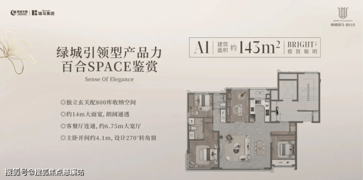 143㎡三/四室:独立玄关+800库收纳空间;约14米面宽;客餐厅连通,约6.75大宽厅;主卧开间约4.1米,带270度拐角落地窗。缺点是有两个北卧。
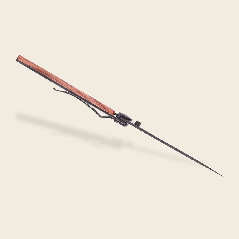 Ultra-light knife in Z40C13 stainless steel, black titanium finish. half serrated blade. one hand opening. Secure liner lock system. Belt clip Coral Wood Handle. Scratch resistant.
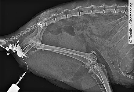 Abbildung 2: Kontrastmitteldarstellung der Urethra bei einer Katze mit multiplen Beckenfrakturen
_ _ _ _
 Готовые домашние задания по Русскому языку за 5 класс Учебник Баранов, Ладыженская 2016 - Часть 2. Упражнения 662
_ _ _ _
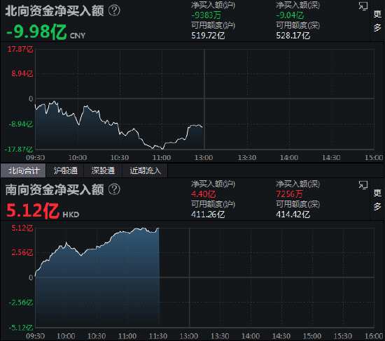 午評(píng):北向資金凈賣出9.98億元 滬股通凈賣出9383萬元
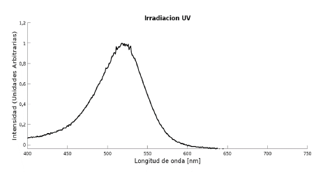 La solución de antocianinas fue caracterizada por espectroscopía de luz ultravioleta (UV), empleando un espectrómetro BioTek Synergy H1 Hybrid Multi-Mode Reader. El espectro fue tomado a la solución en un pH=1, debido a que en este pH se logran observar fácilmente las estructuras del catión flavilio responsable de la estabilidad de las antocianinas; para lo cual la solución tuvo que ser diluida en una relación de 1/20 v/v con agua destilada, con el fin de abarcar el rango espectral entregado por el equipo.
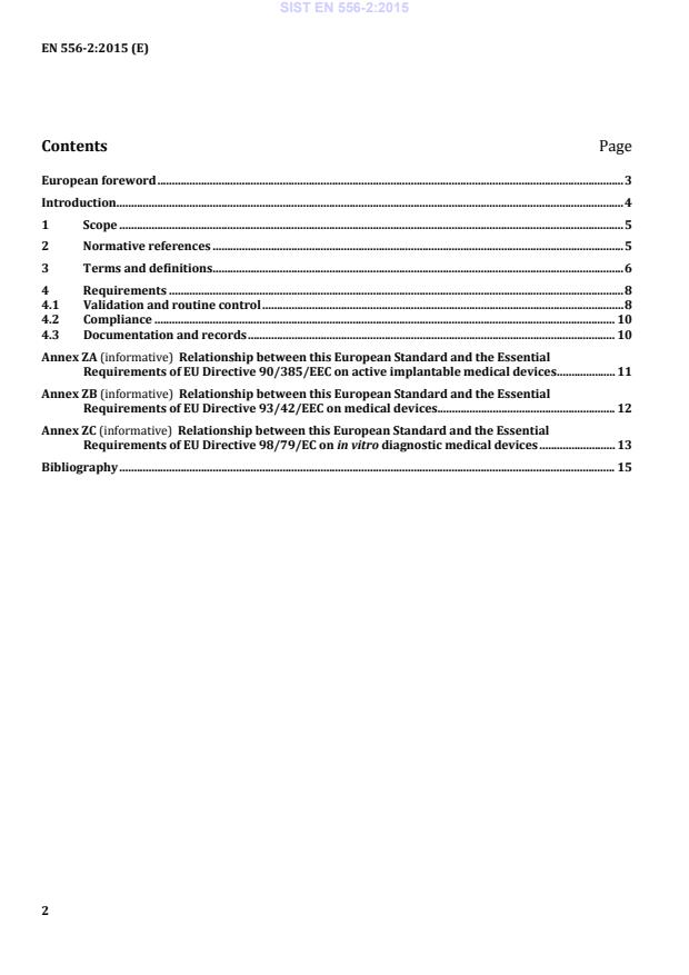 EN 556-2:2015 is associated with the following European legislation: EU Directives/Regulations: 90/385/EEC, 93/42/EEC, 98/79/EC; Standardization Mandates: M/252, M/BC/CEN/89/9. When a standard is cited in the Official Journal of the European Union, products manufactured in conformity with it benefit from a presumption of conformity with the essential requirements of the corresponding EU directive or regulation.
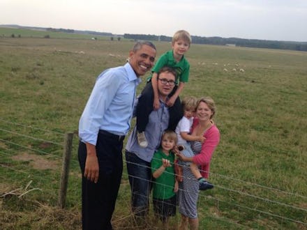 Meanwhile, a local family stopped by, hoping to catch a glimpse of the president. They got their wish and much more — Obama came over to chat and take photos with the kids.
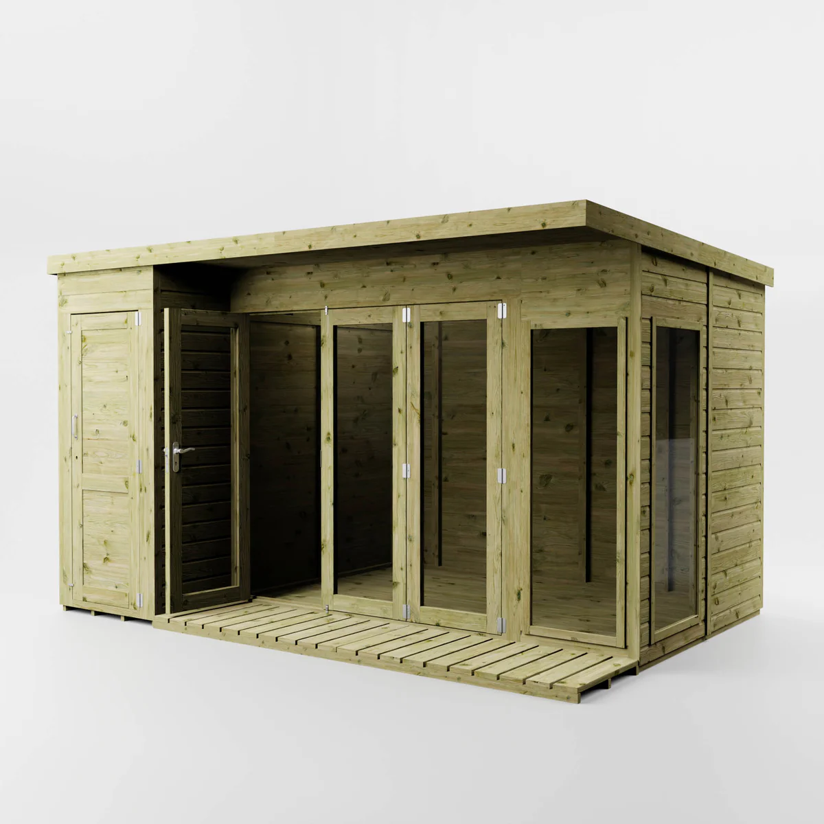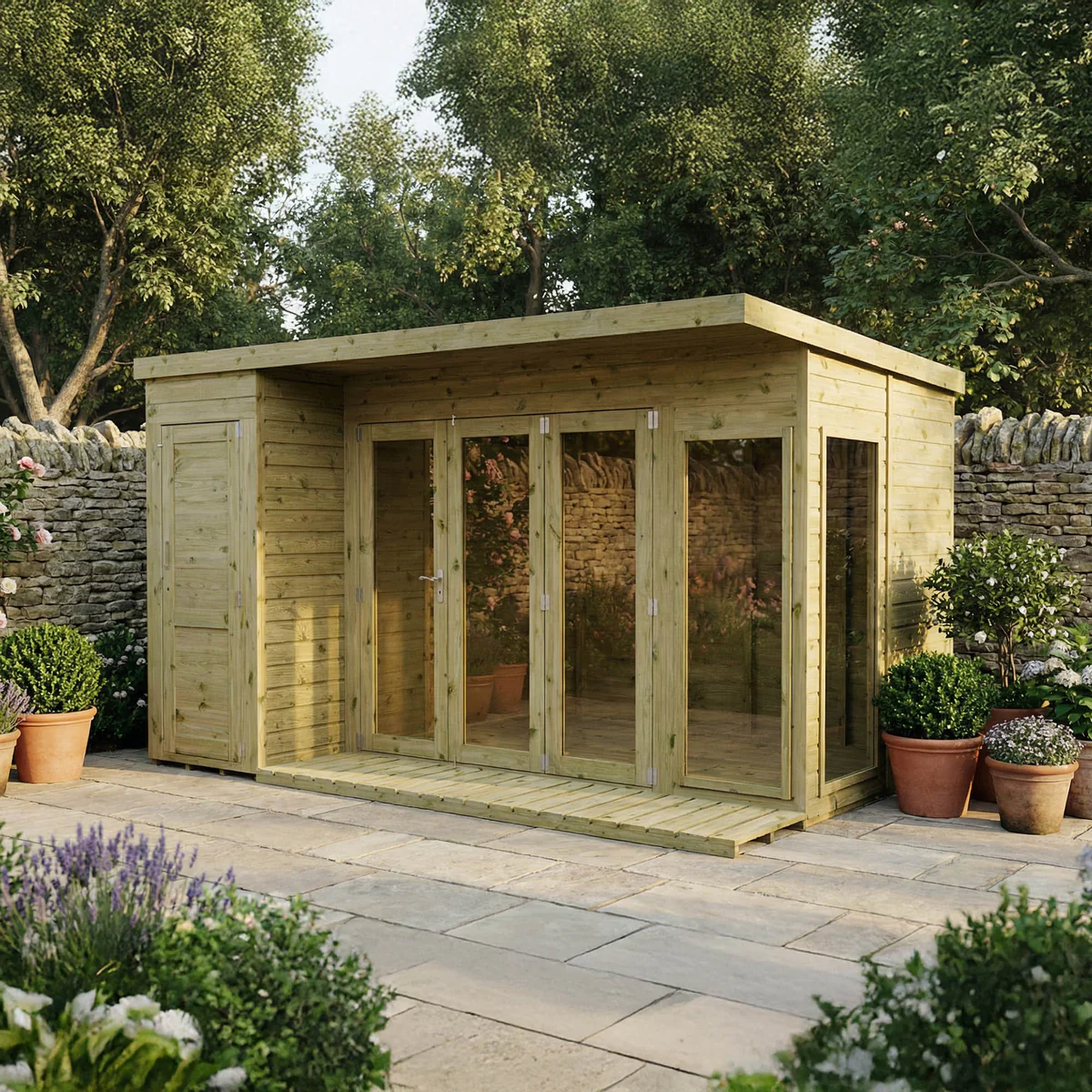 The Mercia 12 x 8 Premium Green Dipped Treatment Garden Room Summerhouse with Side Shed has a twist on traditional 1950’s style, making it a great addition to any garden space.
_ _ _ _
> **WORK REQUEST**:
Using the records above, print exactly the run of lines that starts with the line with "143㎡三/四室:独立玄关+" and goes on through the line with "Ultra-light knife in", pictures excluded.

> **YOUR SOLUTION**:
 143㎡三/四室:独立玄关+800库收纳空间;约14米面宽;客餐厅连通,约6.75大宽厅;主卧开间约4.1米,带270度拐角落地窗。缺点是有两个北卧。
 Ultra-light knife in Z40C13 stainless steel, black titanium finish. half serrated blade. one hand opening. Secure liner lock system. Belt clip Coral Wood Handle. Scratch resistant.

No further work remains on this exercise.